• **Exercise directions**
Quote the material exactly from the line that contains "圖為實踐隊員與泊頭村主任在會議室展開有關扶貧情況交流" through its last line. Any pictures are to be left out.
═══ Available data ═══
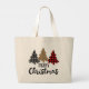 Bolsa Tote Grande Feliz Natal Xadrez Árvores de Natal
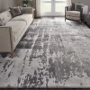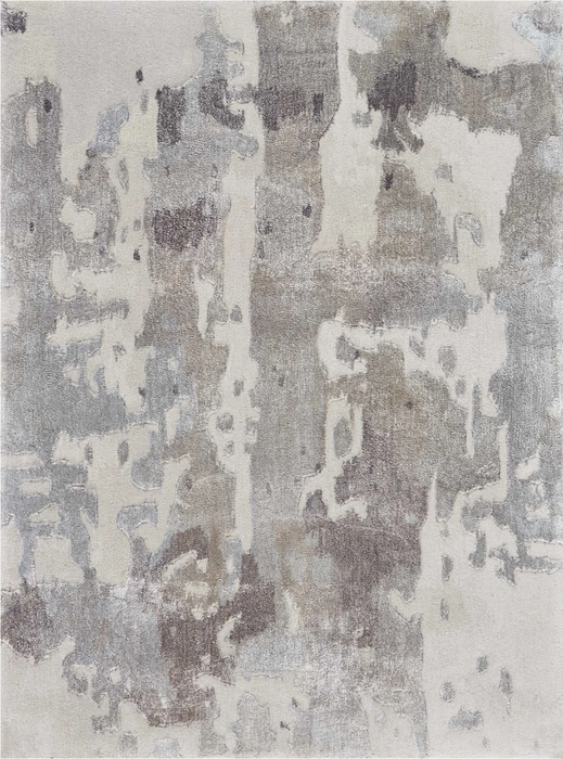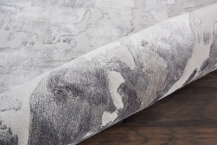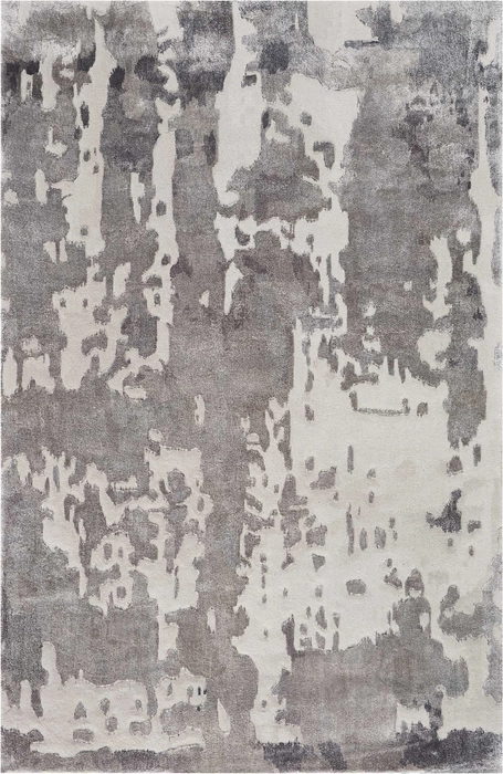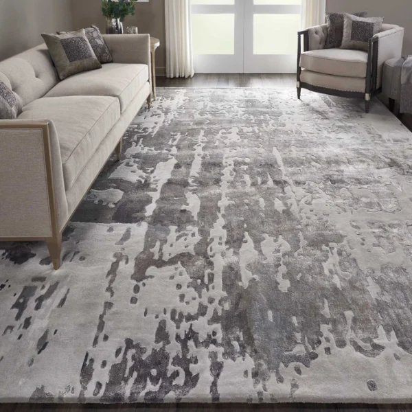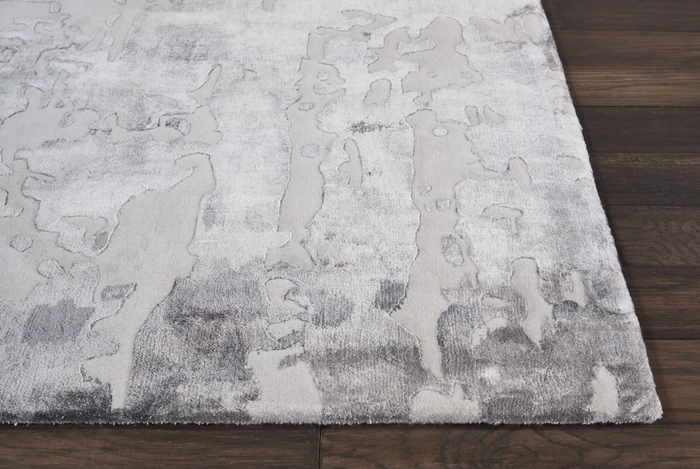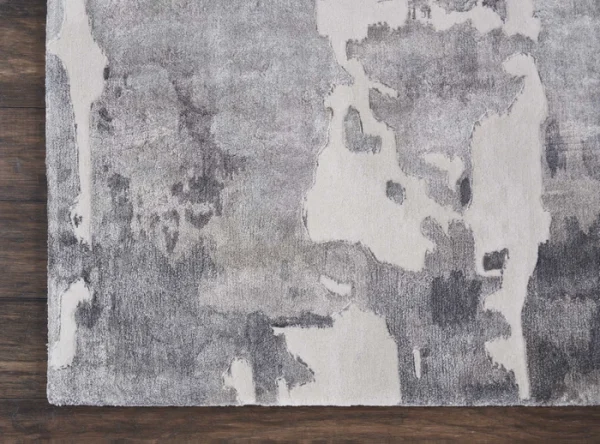 This amazingly artistic rug could adorn a wall as easily as a floor! Elegant silver and grey tones flow in simulated brush strokes that make a stunning design statement. This hand-tufted rug features a thick, luxurious pile, carved for added dimension and texture for the perfect combination of durability, comfort, and artistic appeal.
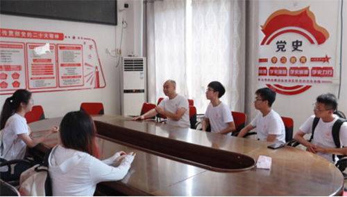 圖為實踐隊員與泊頭村主任在會議室展開有關扶貧情況交流
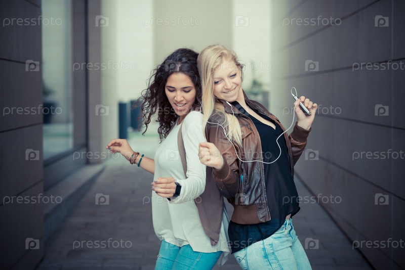 Блондинка и брюнетка со смартфоном
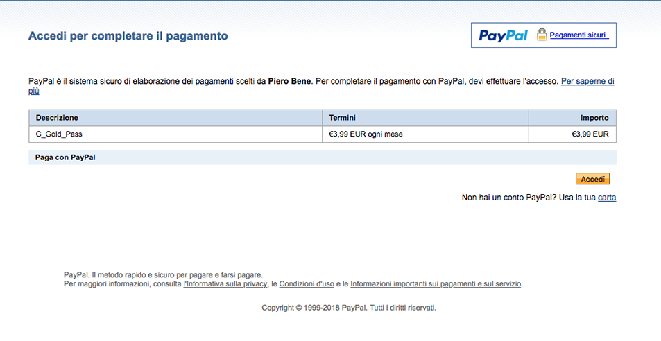 Paypal: Dopo aver cliccato su abbonati verrai reindirizzato a Paypal. Se hai un conto Paypal puoi inserire le tue credenziali di accesso ed effettuare il pagamento utilizzando il tuo conto Paypal.
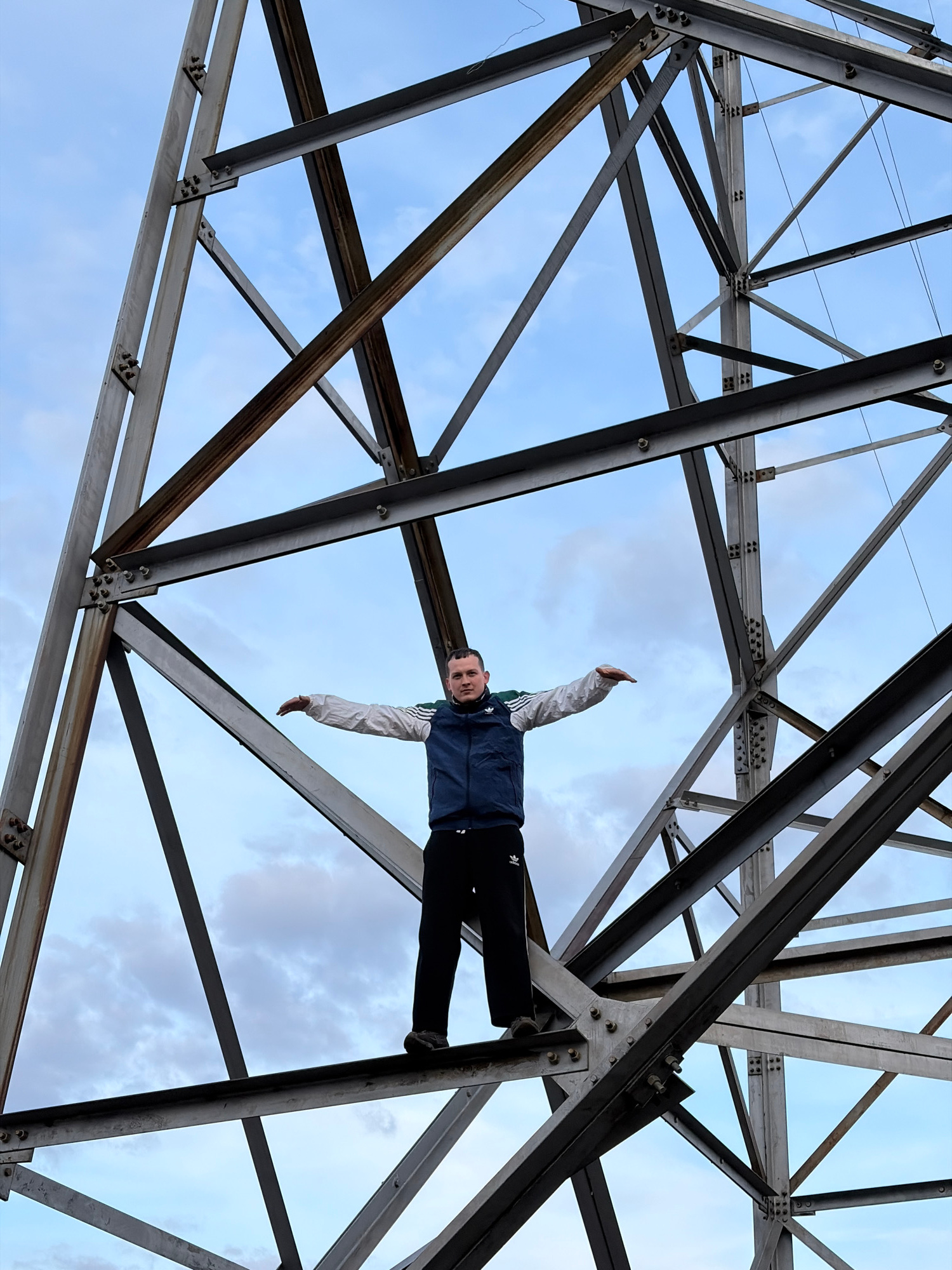 The image depicts a person positioned on the framework of an electricity pylon against a backdrop of sky. The pylon's structure is composed of intersecting steel beams, arranged in a lattice-like patt…read more
═══
• **Written response**
 圖為實踐隊員與泊頭村主任在會議室展開有關扶貧情況交流
 Блондинка и брюнетка со смартфоном
 Paypal: Dopo aver cliccato su abbonati verrai reindirizzato a Paypal. Se hai un conto Paypal puoi inserire le tue credenziali di accesso ed effettuare il pagamento utilizzando il tuo conto Paypal.
 The image depicts a person positioned on the framework of an electricity pylon against a backdrop of sky. The pylon's structure is composed of intersecting steel beams, arranged in a lattice-like patt…read more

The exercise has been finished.